What to produce → Pictures excluded, output the lines of the data below between the one holding "利用冰箱柜向左延伸餐厅空间,餐厅可放置1.6m长的条形餐桌,满足家人朋友聚会。" and the one holding "Grainy black and", inclusive, exactly as they stand.

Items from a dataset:

########

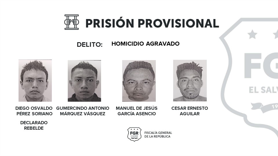 Los terroristas que serán juzgados por el homicidio son: William Adonay Rojas Arias, alias venado, Gumercindo Antonio Márquez Vázquez, alias alma negra, Elto Francisco Ramos, alias licra, Manuel de Jesús García Asensio, alias chapuda, José Daniel Márquez Vázquez alias Nayo o Nayito, César Ernesto Aguilar Martínez, alias cuyo, José Omar Aguilar Vanegas, alias mojarra, José Ovelio Aguilar Martínez, alias Lito.
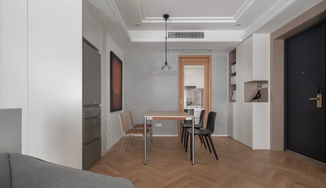 利用冰箱柜向左延伸餐厅空间,餐厅可放置1.6m长的条形餐桌,满足家人朋友聚会。
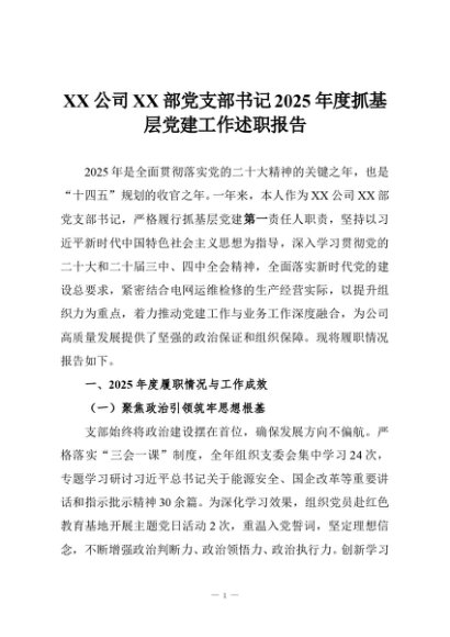 【七哥公文】2025年:XX公司XX部党支部书记2025年度抓基层党建工作述职报告+更多免费公文+VX:QiGeGongWen2024
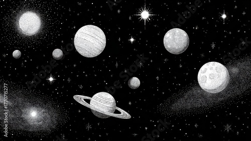 Grainy black and white night sky with planets, rings, and stars in a cosmic scene
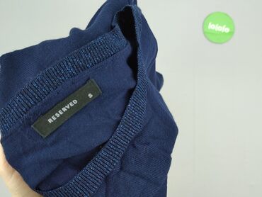 Sweter damski RESERVED - Rozmiar: S (z metki) - Kolor: granatowy z delikatnym, połyskującym efektem (metaliczna nitka) - Fason: klasyczny, lekko luźny, długi rękaw - Dekolt: w kształcie litery V -...
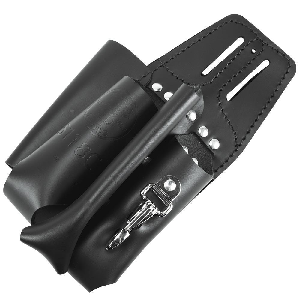 This Klein Tools 4-Tool Holder features pockets designed to accommodate pliers, folding rule, screwdriver and a wrench. Designed to attach to belts up to 2-Inch (5.1 cm) wide, this tool pouch offers convenient access and storage. Made of black leather riveted construction to stand up to the harshest job sites.
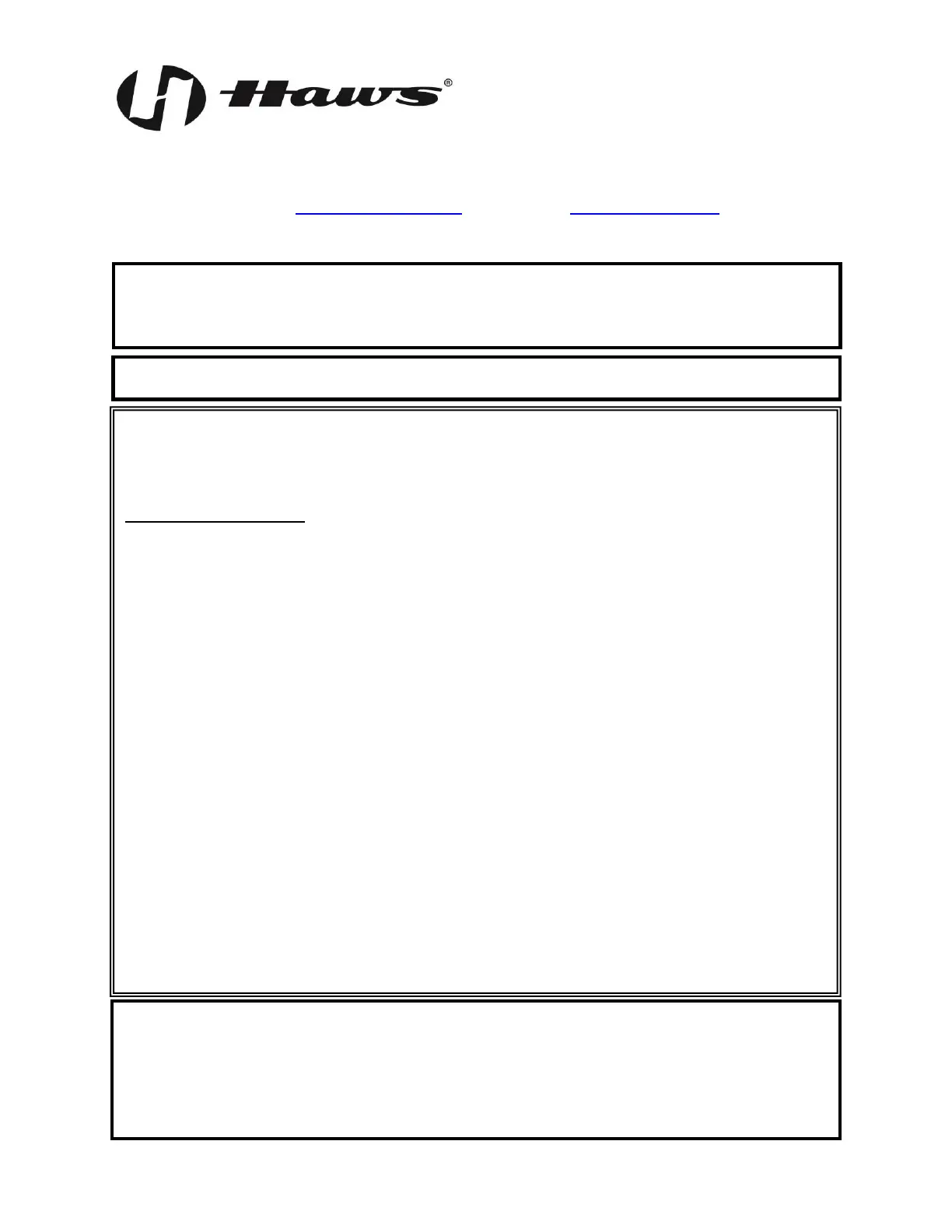 Equipment manufactured by HAWS is warranted to function if installation and maintenance instructions

########

Response to the task →
 利用冰箱柜向左延伸餐厅空间,餐厅可放置1.6m长的条形餐桌,满足家人朋友聚会。
 【七哥公文】2025年:XX公司XX部党支部书记2025年度抓基层党建工作述职报告+更多免费公文+VX:QiGeGongWen2024
 Grainy black and white night sky with planets, rings, and stars in a cosmic scene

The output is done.